The implications extend to practical local hardware implementations. If AttnRes can deliver frontier performance with 25% less compute, the threshold for running capable models on consumer hardware drops accordingly. Combined with the broader Kimi ecosystem capabilities, this suggests Moonshot is optimizing for efficiency gains that compound across their entire model stack.
Critically, this challenges the assumption that transformer architectures are “solved.” For years, innovation focused on training data, context length, and specialized small models versus large architectures. By attacking the fundamental layer aggregation mechanism, Moonshot has opened a new frontier in architecture design.
The Verdict
Attention Residuals isn’t just an incremental improvement, it’s a fundamental rewiring of how information travels through neural networks. By treating depth as a sequence dimension and applying learned attention rather than fixed accumulation, Moonshot has eliminated the PreNorm dilution that has plagued deep transformers for a decade.
The 2% inference overhead makes this immediately deployable, unlike many research curiosities that die in the gap between paper and production. If the scaling laws hold at trillion-parameter scales, we may look back at March 2026 as the moment the industry finally moved beyond residual connections.
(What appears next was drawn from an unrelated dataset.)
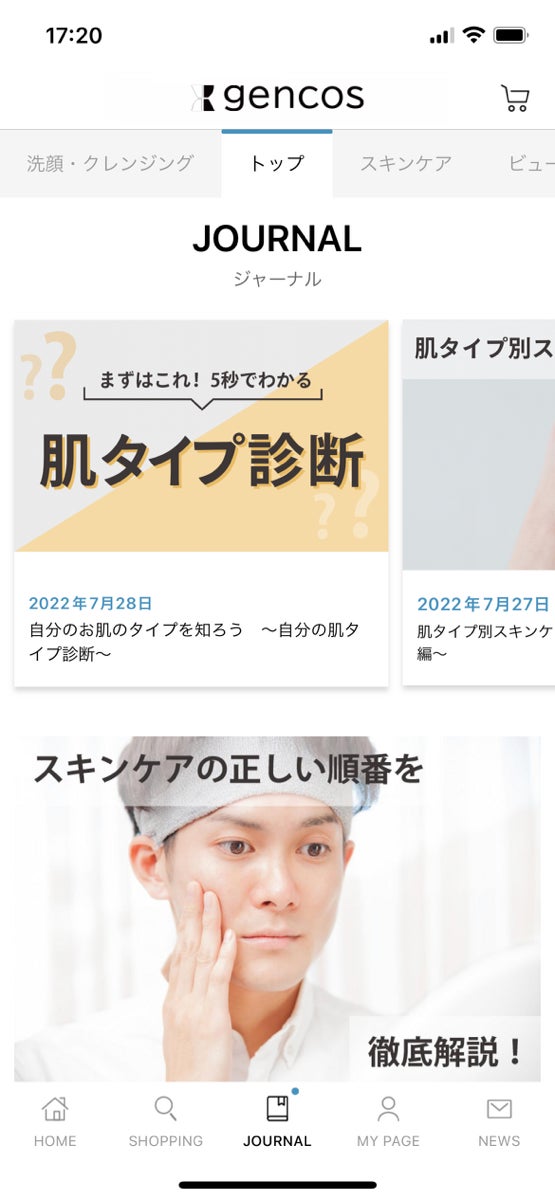 アプリ内「JOURNAL」では基本的な肌のお手入れの仕方から、メイクの手順まで記事が掲載されているので、メンズメイクや、メンズコスメなどの知りたい情報をいつでも見ることができます。

The code and paper are available on GitHub, though reproducing these results will require the kind of compute budget that makes Kimi’s $500K “open source” releases look economical. For practitioners, the immediate takeaway is clear: the next generation of models won’t just be bigger, they’ll be architecturally smarter, with layers that actually remember why they exist rather than shouting into the void.